I am silent in the Club,
I am silent in the pub.,
I am silent on a bally peak in Darien;
For I stuff away for life
Shoving peas in with a knife,
Because I am at heart a Vegetarian.
No more the milk of cows
Shall pollute my private house
Than the milk of the wild mares of the Barbarian;
I will stick to port and sherry,
For they are so very, very,
So very, very, very Vegetarian.
“The Saracen's Head”
“The Saracen's Head” looks down the lane,
Where we shall never drink wine again,
For the wicked old women who feel well-bred
Have turned to a tea-shop “The Saracen's Head.”
“The Saracen's Head” out of Araby came,
King Richard riding in arms like flame,
And where he established his folk to be fed
He set up a spear—and the Saracen's Head.
But “The Saracen's Head” outlived the Kings,
It thought and it thought of most horrible things,
Of Health and of Soap and of Standard Bread,
And of Saracen drinks at “The Saracen's Head.”
So “The Saracen's Head” fulfils its name,
They drink no wine—a ridiculous game—
And I shall wonder until I'm dead,
How it ever came into the Saracen's Head.
The Good Rich Man
Mr.
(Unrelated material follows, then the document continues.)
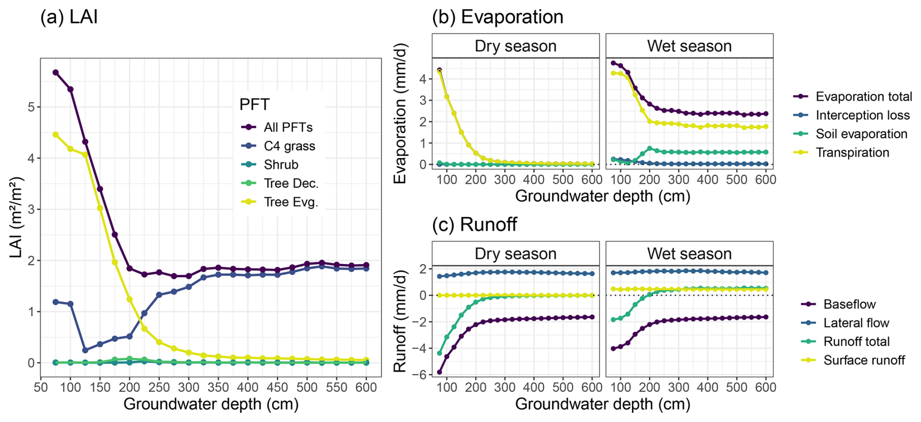 The new model version allows for using different bottom boundary conditions at any soil depth. For a second sensitivity test we analysed the impact of GWTD on dryland vegetation by activating the aquifer bottom boundary condition and running the model for different soil depths. Soil depth was varied by keeping the number of layers constant to 15 but changing the thickness of the bottom 10 layers. We again used the site simulation for Dahra as baseline, but now imposing an aquifer at depths ranging from 0.75 to 6 m in steps of 0.25 m, and analysed the simulated vegetation cover (LAI) and evaporation components, as well as the different runoff components as a function of water table depth. We also analysed the influence of groundwater depth on soil moisture and root water uptake for each soil layer, separated into the dry and wet season.

Mandragon, the Millionaire, he wouldn't have wine or wife,
He couldn't endure complexity: he lived the Simple Life.
He ordered his lunch by megaphone in manly, simple tones,
And used all his motors for canvassing voters, and twenty telephones;
Besides a dandy little machine,
Cunning and neat as ever was seen,
With a hundred pulleys and cranks between,
Made of metal and kept quite clean,
To hoist him out of his healthful bed on every day of his life,
And wash him and dress him and shave him and brush him
—to live the Simple Life.
Mr. Mandragon was most refined and quietly, neatly dressed,
Say all the American newspapers that know refinement best;
Quiet and neat the hat and hair and the coat quiet and neat,
A trouser worn upon either leg, while boots adorn the feet;
And not, as any one would expect,
A Tiger's Skin all striped and specked,
And a Peacock Hat with the tail erect,
A scarlet tunic with sunflowers decked,
Which might have had a more marked effect,
And pleased the pride of a weaker man that yearned for wine or wife;
But Fame and the Flagon, for Mr. Mandragon
—obscured the Simple Life.
Mr. Mandragon, the Millionaire, I am happy to say, is dead;
He enjoyed a quiet funeral in a Crematorium shed.
And he lies there fluffy and soft and grey and certainly quite refined;
When he might have rotted to flowers and fruit with Adam and all mankind,
Or been eaten by wolves athirst for blood,
Or burnt on a good tall pyre of wood,
In a towering flame, as a heathen should,
Or even sat with us here at food,
Merrily taking twopenny ale and pork with a pocket-knife;
But this was luxury not for one that went for the Simple Life.
The Song Against Songs
The song of the sorrow of Melisande is a weary song and a dreary song,
The glory of Mariana's grange had got into great decay,
The song of the Raven Never More has never been called a cheery song,
And the brightest things in Baudelaire are anything else but gay.